Betting on the outsiders

Commissioning a broad international mix of architects to work on public buildings can give cities an exciting cosmopolitan feel, but there is a danger that ‘international’ could translate into ‘bland’ if the same old faces always make up the chosen few, a

There was this bottle of wine. Bought in a supermarket with pretensions. Mid-price, nice label, Portuguese. It slipped down a treat with a lamb tagine. People had no trouble passing it round and tilting it over their glasses. Later, I tried to recall what it tasted like. What were its distinguishing characteristics? What made it better or worse than the last such exploratory purchase?

The data bank was empty, save for the rapidly fading memory of a vaguely pleasant sensation. I could remember more about the nature of the bubbles in the fizzy water. Strange. So I looked at the other label, the one on the back of the bottle.

It turned out that this wine was Portuguese only up to a point. It was made there all right, but from a French grape variety, by an

Australian winemaker. Mystery solved. For once, I had been the literal victim of one of the most insidious millennial phenomena: Flying Winemaker Syndrome, or FWS. I had only myself to blame – normally I spot the danger signs instantly. Such wines are the same the world over, uniform, predictable, safe, smooth, palatable, unexciting. Good when served by airlines, but wholly unsatisfying on the ground.

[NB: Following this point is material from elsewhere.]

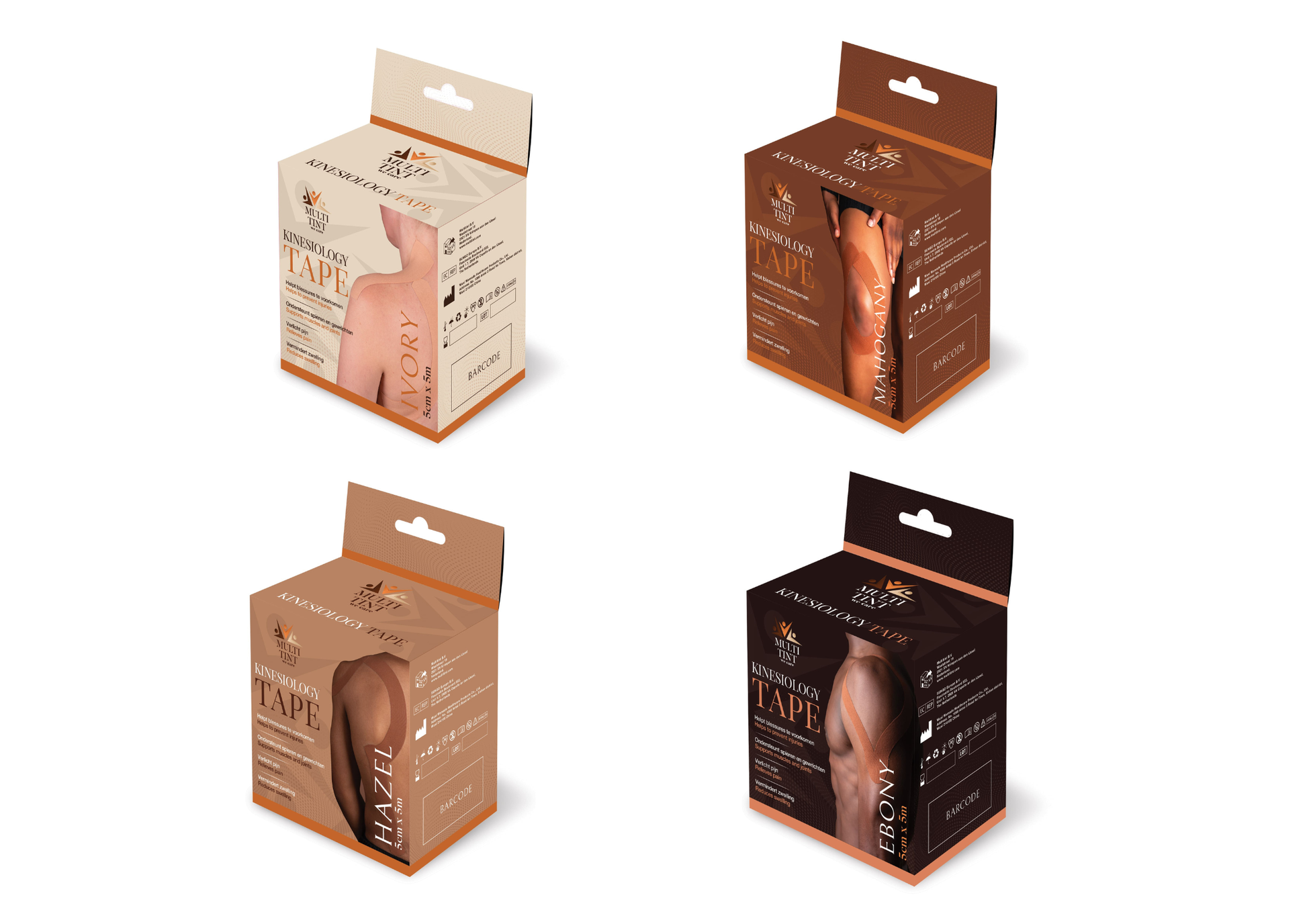 In deze bundel vind je alle kleuren – Ivory, Hazel, Mahogany en Ebony – zodat je altijd de juiste tint kiest, of je nu sport, traint of herstelt.

FWS normally strikes on a more metaphorical level. A Scottish radio programme once asked me what I thought about Glasgow’s Year of Architecture and Design, l999, and the appointment of its then new director, Deyan Sudjic. I replied that Deyan would have to take care not to be seen as a flying winemaker. Someone, in other words, who jets in and jets out, galvanises the sleepy locals, delivers the high-quality goods, but leaves you with something that would be equally at home in Milan or London or Tokyo or Bilbao. And then, like McAvity, isn’t there. If anyone can handle this, surely it’s Deyan. I note from my reading of the fearsome Scottish press that he is now well through his honeymoon period and out the other side.

But isn’t that international flavour exactly what every city craves? Doesn’t Glasgow ’99 have “international” somewhere in its title? And isn’t the precise opposite of that “parochial”? Remember with horror Margaret Thatcher asking why there wasn’t more British art in the National Gallery. Remember that the 1951 Festival of Britain, by electing to be inward-looking and shallowly patriotic rather than outward-looking and international, had none of the global impact or long-term beneficial consequences of the Great Exhibition of 1851. Lament the astonishing nerve of certain British architects, with big commissions overseas, who complained bitterly that the job of designing the Tate’s Museum of Modern Art had gone to some strangely-named architects from the land of cuckoo clocks.

As the influx of emigré architects in the Thirties proved, from Serge Chermayeff to Peter Moro, a new injection of creative vigour is periodically needed. The same is true today of Herzog and de Meuron at the Tate, or Gnter and Stefan Behnisch at Bristol’s concert hall. I haven’t noticed Paris becoming noticeably less Parisian since Piano and Rogers, Harry Seidler, IM Pei, Gae Aulenti, Ian Ritchie, Ken Armstrong or the rest built there. Stuttgart’s Germanic quality is somehow enhanced by Jim Stirling’s cultural complex. Eric Sorensen’s two buildings nestle almost unnoticed in Cambridge.

Where this praiseworthy internationalism goes wrong, however, is when the same old brilliant names keep on cropping up. When every city has a Frank Gehry or Richard Meier or a Norman Foster art gallery. When every design conference features Terence Conran, James Dyson, Kenneth Grange. When every city has a Marks and Spencer. But to go out on a limb is risky. If the burghers of Cardiff had got Foster – as they nearly did – rather than Zaha Hadid, you may be sure that the whole thing would have gone down more smoothly. Rather like that Portuguese-French-Australian wine.

What a relief that the vast and allegedly stupendous new Tokyo Forum building is by the previously under-hyped Rafael Vignoly, rather than the usual suspects.

And – wouldn’t you know it – the original flying winemakers are now being challenged. All the big-money wine buyers are now sniffing out distinctive, even eccentric local varieties rather than international-style Merlot, Cabernet or Chardonnay. Let’s just hope they travel.